Paula Poundstone
Stand-up specials
The undisputed master of the conversational crowd-work tangent.
Poundstone takes the stage in a suit and tie, grabs the mic, and immediately starts asking the front row about their day jobs. She isn’t looking for a target to roast. She genuinely wants to know the mundane details of an actuary’s commute, because she intends to build a ten-minute bit around it. She paces, leans heavily on a stool, and sips a Diet Pepsi while she talks her way to the punchline.
Today, she is a cornerstone of the theater-and-public-radio circuit, a regular panelist on NPR’s Wait Wait… Don’t Tell Me! who plays to fiercely loyal crowds. Long before she became the reliable voice of exasperation for news junkies, she was a 1990s powerhouse. Her HBO hour Cats, Cops and Stuff made her the first woman to win a CableACE award for best comedy special.
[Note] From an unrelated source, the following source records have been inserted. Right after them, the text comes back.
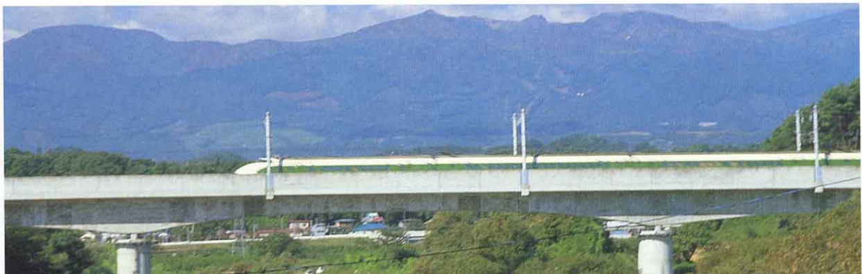
▲1982年（昭和57年）東北新かん線開通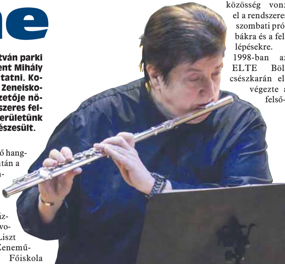
Partneri viszonyban van növendékeivel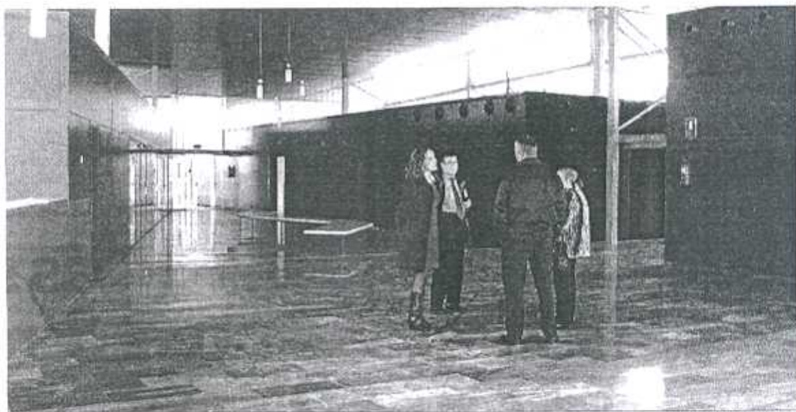
Amplio hall del centro donde se ubican dos oficinas, las cuatro salas del vivero y dos salas para formación.

Dentro de los 2.600 metros cuadrados de superficie útil distribuidos en dos plantas, los vecinos no sólo de Los Almendros, sino de los barrios colindantes, como Araceli o Piedras Redondas, van a disfrutar de ludoteca-guardería, biblio-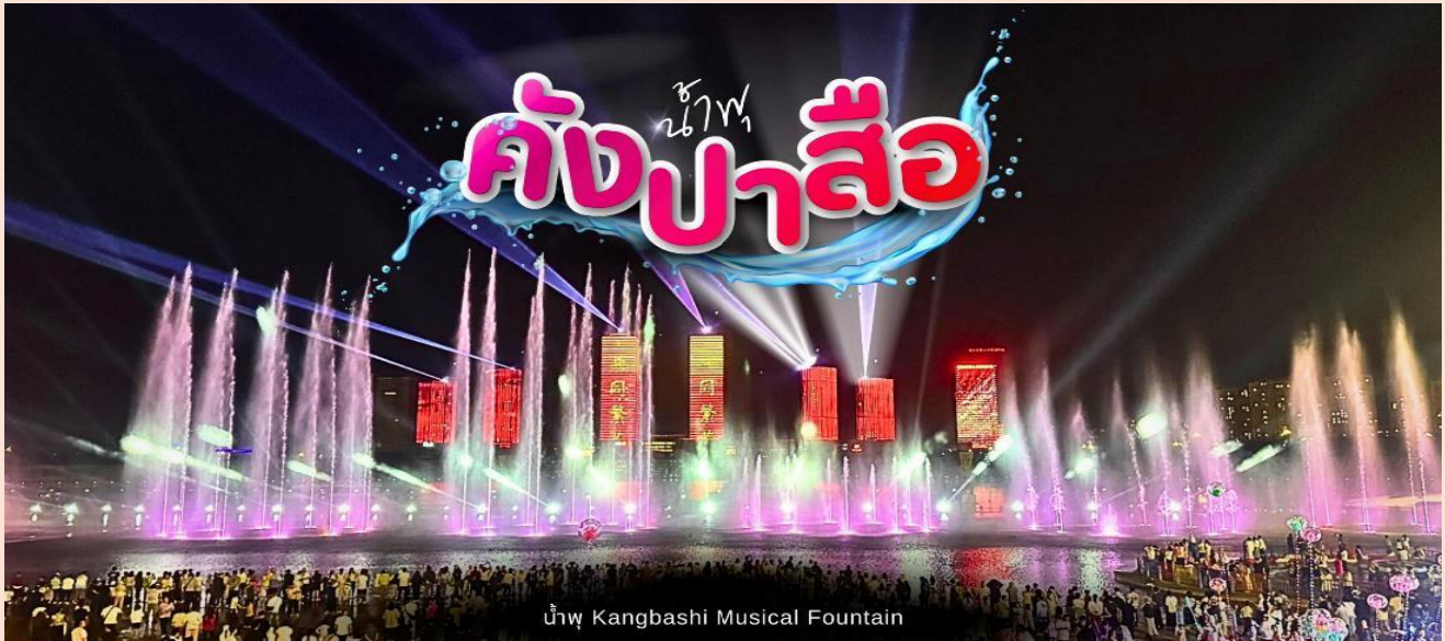
น้ำพุ Kangbashi Musical Fountain

DAY 6 เมืองออร์ดอส-วัดลามะ – ศูนย์วัฒนธรรมมองโกลหยวนหลิว - อนุสาวรีย์กองทัพเจงกิสข่าน - ถนนคนเดินคังปาสื่อ- สนามบินออร์ดอส – สนามบินสุวรรณภูมิ (กรุงเทพฯ) (เช้า/เที่ยง/-)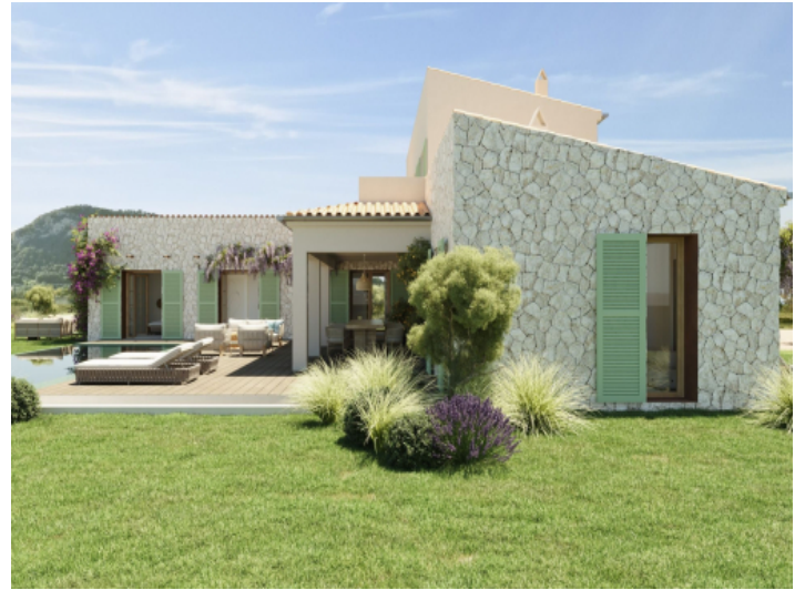
Mediterrane Terrasse und Garten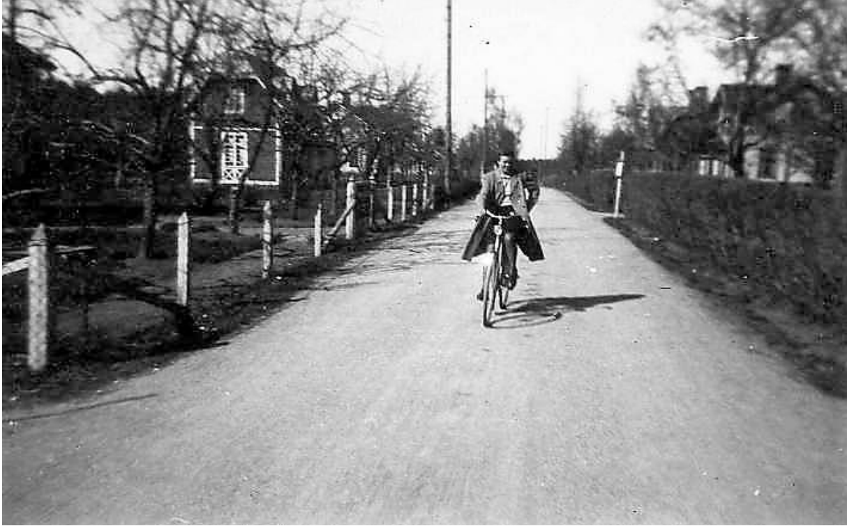
Från vänster, Bernsborg nr 7 och bakom skymtar nr 9 Lundby, Palmblads Café. Till höger nr 8 Haga. 1930-tal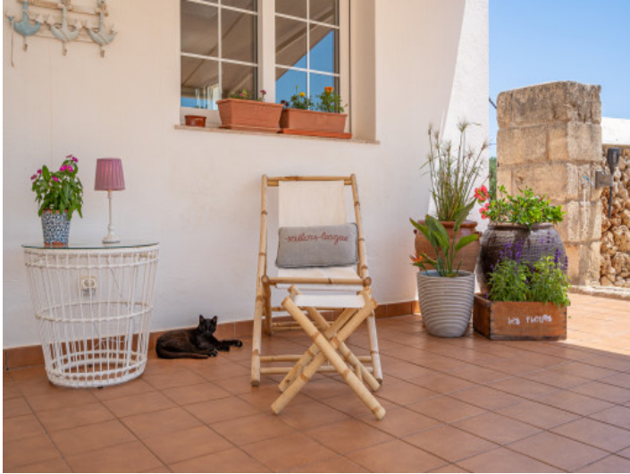
Idyllic terrace with shade

Audience interaction remains the engine of her live shows. Where other comics use crowd work as a quick diversion, Poundstone uses it as the structural support for the entire night. She listens to a stranger’s answer, pauses, looks slightly baffled, and then constructs an escalating premise on the spot. She makes the hour feel entirely improvised. She will wander down three different tangents, complaining about her house full of animals or her absolute lack of technological skill, and then seamlessly pull the threads back together to close the loop on the actuary from twenty minutes prior.